- Directions
The lines to print are the one containing "Melnā aizsargtīkla materiāls" and every line after it through the end of the entries below. Print them exactly and nothing else.

Stored items:
——————————

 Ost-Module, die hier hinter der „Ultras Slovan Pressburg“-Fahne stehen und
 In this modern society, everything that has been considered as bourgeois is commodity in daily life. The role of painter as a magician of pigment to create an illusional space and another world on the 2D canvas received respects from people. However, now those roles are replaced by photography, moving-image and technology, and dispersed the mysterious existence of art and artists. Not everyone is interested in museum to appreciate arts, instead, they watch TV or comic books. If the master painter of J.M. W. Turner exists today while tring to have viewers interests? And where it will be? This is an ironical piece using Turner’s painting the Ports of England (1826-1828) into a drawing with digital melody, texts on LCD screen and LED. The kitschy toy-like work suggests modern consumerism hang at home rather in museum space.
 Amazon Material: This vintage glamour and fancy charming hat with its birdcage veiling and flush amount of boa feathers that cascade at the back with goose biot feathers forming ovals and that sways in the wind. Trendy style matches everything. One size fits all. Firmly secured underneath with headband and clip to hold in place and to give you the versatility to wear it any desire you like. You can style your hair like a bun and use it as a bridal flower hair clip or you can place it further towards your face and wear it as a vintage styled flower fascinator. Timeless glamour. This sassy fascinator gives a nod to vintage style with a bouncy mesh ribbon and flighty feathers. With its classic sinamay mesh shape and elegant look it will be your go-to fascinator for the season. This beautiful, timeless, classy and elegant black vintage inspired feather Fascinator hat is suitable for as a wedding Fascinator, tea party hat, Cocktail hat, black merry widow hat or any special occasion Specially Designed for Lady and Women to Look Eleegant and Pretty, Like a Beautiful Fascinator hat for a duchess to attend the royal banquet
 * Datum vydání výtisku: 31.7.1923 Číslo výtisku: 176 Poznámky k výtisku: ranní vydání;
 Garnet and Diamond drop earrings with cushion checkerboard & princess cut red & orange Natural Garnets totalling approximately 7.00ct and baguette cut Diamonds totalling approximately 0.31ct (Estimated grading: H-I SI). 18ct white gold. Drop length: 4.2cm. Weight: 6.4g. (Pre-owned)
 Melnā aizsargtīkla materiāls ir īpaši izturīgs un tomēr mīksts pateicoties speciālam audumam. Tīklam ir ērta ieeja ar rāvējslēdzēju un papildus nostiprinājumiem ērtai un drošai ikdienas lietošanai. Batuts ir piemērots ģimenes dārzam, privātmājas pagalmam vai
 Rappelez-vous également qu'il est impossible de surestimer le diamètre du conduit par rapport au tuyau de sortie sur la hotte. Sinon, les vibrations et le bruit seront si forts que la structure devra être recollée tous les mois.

——————————

- Result for this task
 Melnā aizsargtīkla materiāls ir īpaši izturīgs un tomēr mīksts pateicoties speciālam audumam. Tīklam ir ērta ieeja ar rāvējslēdzēju un papildus nostiprinājumiem ērtai un drošai ikdienas lietošanai. Batuts ir piemērots ģimenes dārzam, privātmājas pagalmam vai
 Rappelez-vous également qu'il est impossible de surestimer le diamètre du conduit par rapport au tuyau de sortie sur la hotte. Sinon, les vibrations et le bruit seront si forts que la structure devra être recollée tous les mois.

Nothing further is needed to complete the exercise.